SJ.
Triage: The Diagnostic Discipline That Separates Fixable From Fundamental

Triage: The Diagnostic Discipline That Separates Fixable From Fundamental

Layer 3 of the AI Fluency framework, Part 2: the diagnostic discipline. When your AI product breaks, how to figure out whether the model or your application is at fault, route the fix to the right team, and give stakeholders a credible timeline.

Steve James ·

Remember the returns policy failure from the previous article? Your AI support agent told a customer they had 90 days to return an item.

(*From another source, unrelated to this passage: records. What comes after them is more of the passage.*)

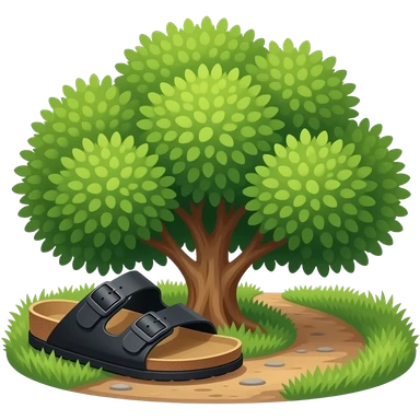 Black Birkenstocks peaking out from under the branches of a lush green bush situated by a hiking trail emoji
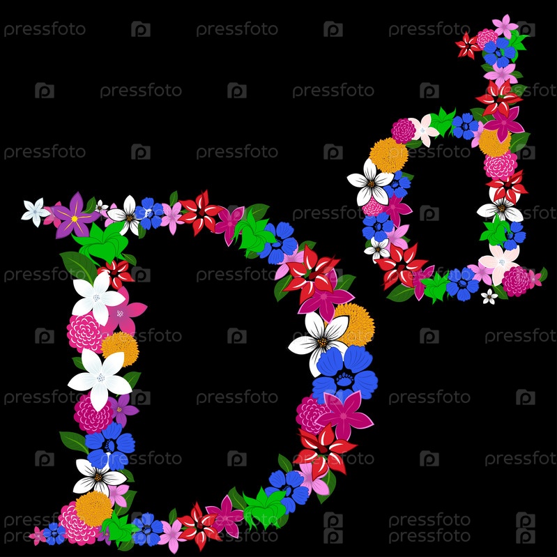 Цветочный алфавит для использования в печати и веб-дизайне. Векторная иллюстрация
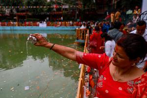 (250729) -- KATMANDU, 29 julio, 2025 (Xinhua) -- Una devota realiza un ritual para celebrar el Naga Panchami, un festival hindú dedicado a la adoración de las serpientes, en Katmandú, Nepal, el 29 de julio de 2025. (Xinhua/Sulav Shrestha) (oa) (ah) (ce)
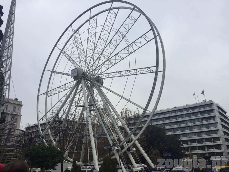 Η ρόδα στο Σύνταγμα στήθηκε με σκοπό να δώσει μια άκρως χριστουγεννιάτικη νότα σε μια πόλη που δοκιμάζεται από την οικονομική ένδεια, την ανεργία και τη φοροκαταιγίδα.
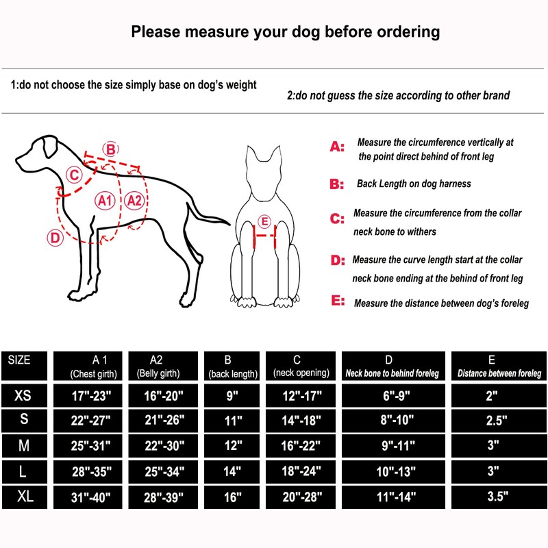 Harness Was Designed by Putting 3 Individual Components Together ,Offer 5 Position Adjustable ( Shoulder ,Chest,belly ) Make Sure This Harness is Fit Well to Your Dog,No Rub as well as Escape-Proof
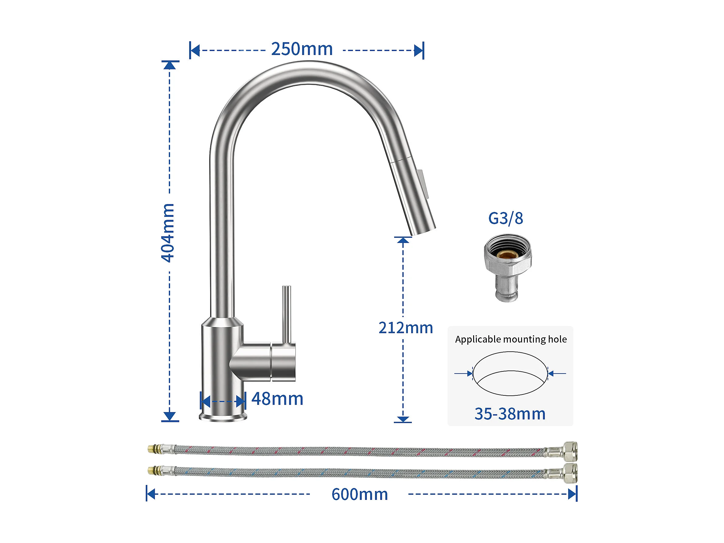 Robinet de cuisine avec douchette extractible en acier inoxydable - Chromé - RONA
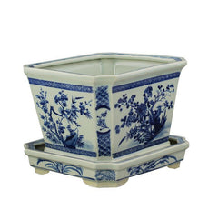 Floral Square Planter with Tray
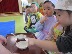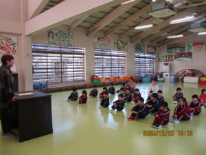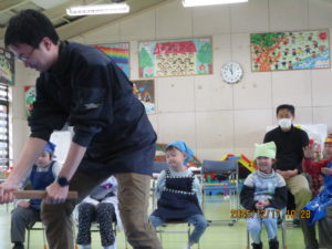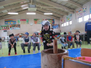 行事の由来を聞いたり歌を歌ったりして、もちつき会が始まりました。
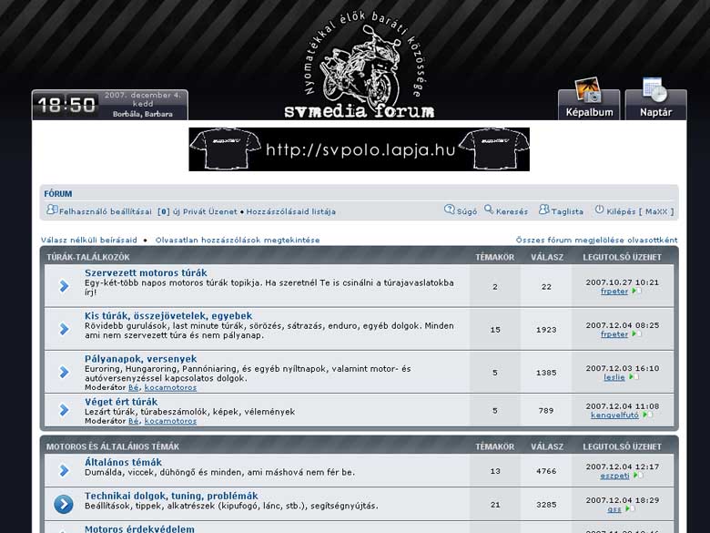 Az svmédia fóruma Magyarország legnagyobb és legaktívabb online SV-s motoroscsapata: a nyomatékkal élők baráti közössége. Túrák, találkozók, pályanapok, képgaléria, eseménynaptár.
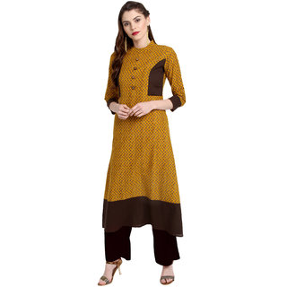 Know MoreThis stylish kurta from janasya is made of cotton and comes in an attractive mustard color. It features 3/4th sleeve , a-line, closed neck and it is calf long kurta that is suitable for casual occasions. Team it with matching leggings for a chic look.
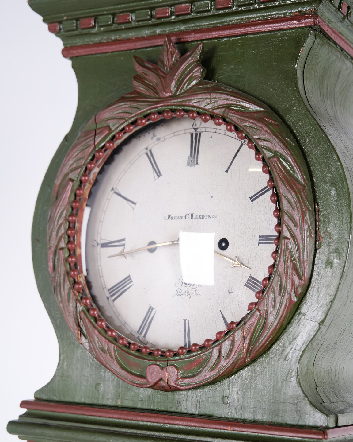 Bornholm longcase clock “frøken” model from the 1860s, hand-painted with carved details in green/red paint. Antique Bornholm clock from the 19th century.
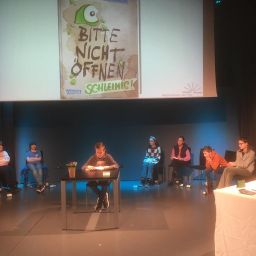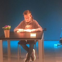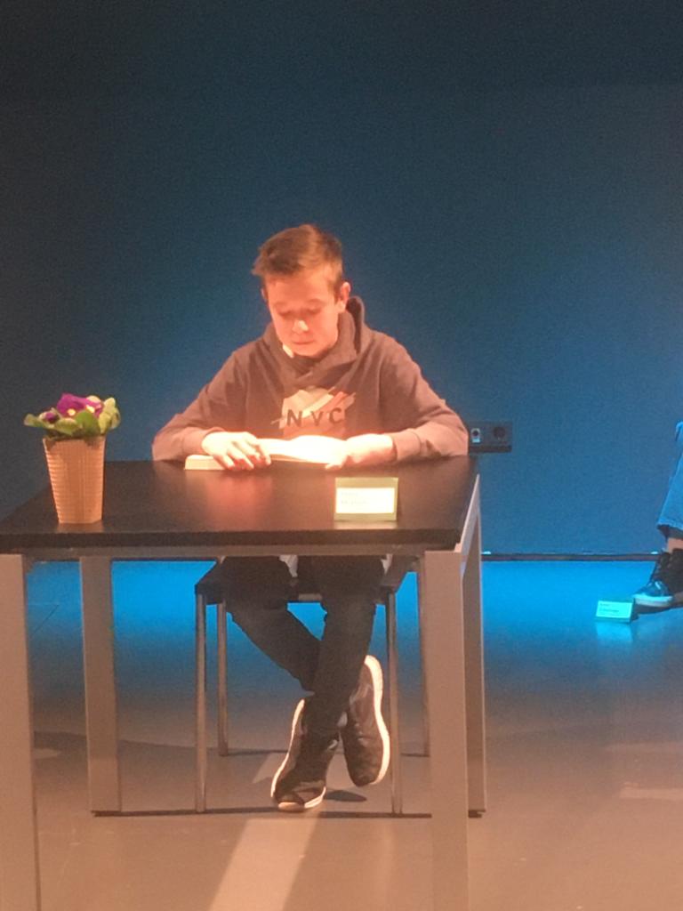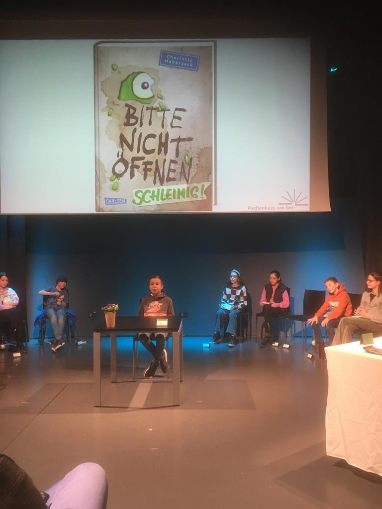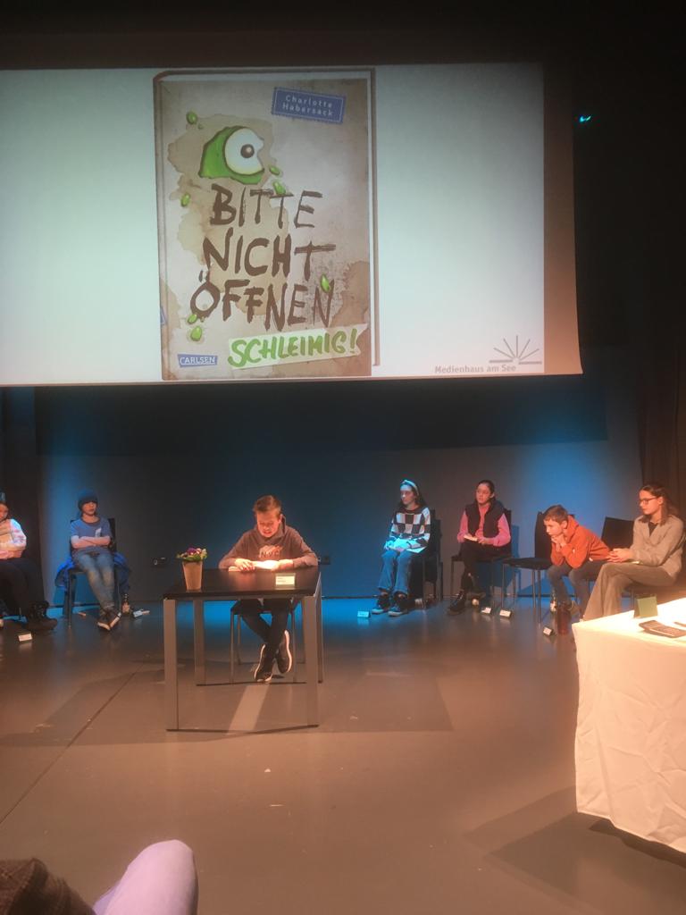 Mit seinem Buch "Gregs Tagebuch - Keine Panik" schaffte er es, die Jury mit seinem Vorlesetalent zu überzeugen. Am 7. Februar 2023 war es dann soweit: Der Kreisentscheid im Medienhaus am See in Friedrichshafen stand an. Top vorbereitet und mit einem von uns allen signiertem Buch "Bitte nicht öffnen- schleimig, von Charlotte Habersack", betrat er das Medienhaus. Sein bester Freund und seine Familie begleiteten ihn dabei. Alle zehn Kandidaten aus dem Bodenseekreis lasen was das Zeug hielt und ernteten dabei viel Applaus.

Your actual policy is 30 days. The customer tried on day 45, got rejected by a human agent, and is now furious. You now know how the context pipeline should have been built: the five types of context, retrieval techniques, assembly decisions. What you don’t yet have is a way to use that knowledge when things go wrong. A repeatable method for figuring out where a failure lives, who owns the fix, and how long it will take.

Your engineering lead asks in standup: “Should we file this as a model limitation with the provider, or is this something we can fix?” Your instinct might be to defer. After this article, you won’t need to.

This is Layer 3, Part 2: diagnosis. Part 1 taught you how to design the application layer. This article teaches you what to do when it breaks. Together, they complete Layer 3 of the AI Fluency framework: Product Architecture.

The Reproduction Test

Here is the single most useful diagnostic question in AI product work:

Does this failure reproduce when you send the same prompt directly to the raw model, with no retrieval, no orchestration, no guardrails?

Open your provider’s API playground: Anthropic’s Workbench, OpenAI’s Playground, or the equivalent for whichever model you use. Strip out your RAG pipeline. Strip out your system prompt. Give the model the same question the user asked, with just the relevant context pasted in by hand. See what happens.

If the failure reproduces, it’s a model-layer problem. The model genuinely cannot do this task reliably, even with perfect context. Your options are limited: stronger prompt engineering, a more capable model, or escalation to the provider. These are slow fixes, measured in weeks to months.

If the failure disappears, it’s an application-layer problem. Something in your pipeline is breaking the interaction between the model and the user. Your retrieval is pulling the wrong documents. Your context assembly is burying the answer. Your output processing is mangling the response. These are fast fixes, measured in hours to days.

    User reports: "The AI got this wrong"


    Reproduce on the raw model?
    (Same prompt, no pipeline,
     direct API call)

           ┌────────┴────────┐
           │                 │
          YES                NO
           │                 │
           ▼                 ▼
     MODEL LAYER        APP LAYER
           │                 │
     Slow fix:          Fast fix:
     prompt iteration,  debug retrieval,
     switch model,      context assembly,
     escalate to        guardrails,
     provider           output processing

This is not a theoretical framework. It’s a practical test you can run in ten minutes. And the result changes everything about who works on the problem, how long it takes, and what you tell the customer.

What the Test Actually Looks Like

The reproduction test sounds simple, but doing it well requires some care. Here’s what to actually do.

First, grab the exact user query that failed. Not a paraphrase of it, the actual input. Failures are often sensitive to phrasing, and testing with a tidied-up version defeats the purpose.

Second, open the provider’s API playground: Anthropic’s Workbench or OpenAI’s Playground, whichever you use. The point is to bypass your entire application stack.

Third, paste in the user’s query along with the context the model should have had: the relevant policy document, the product specs, whatever the retrieval pipeline was supposed to provide. Paste it manually so you’ll know exactly what the model is seeing.

Fourth, run it. If the model gets it right with clean context and no pipeline, the pipeline is the problem. If it gets it wrong even with perfect context handed to it directly, the model is the problem.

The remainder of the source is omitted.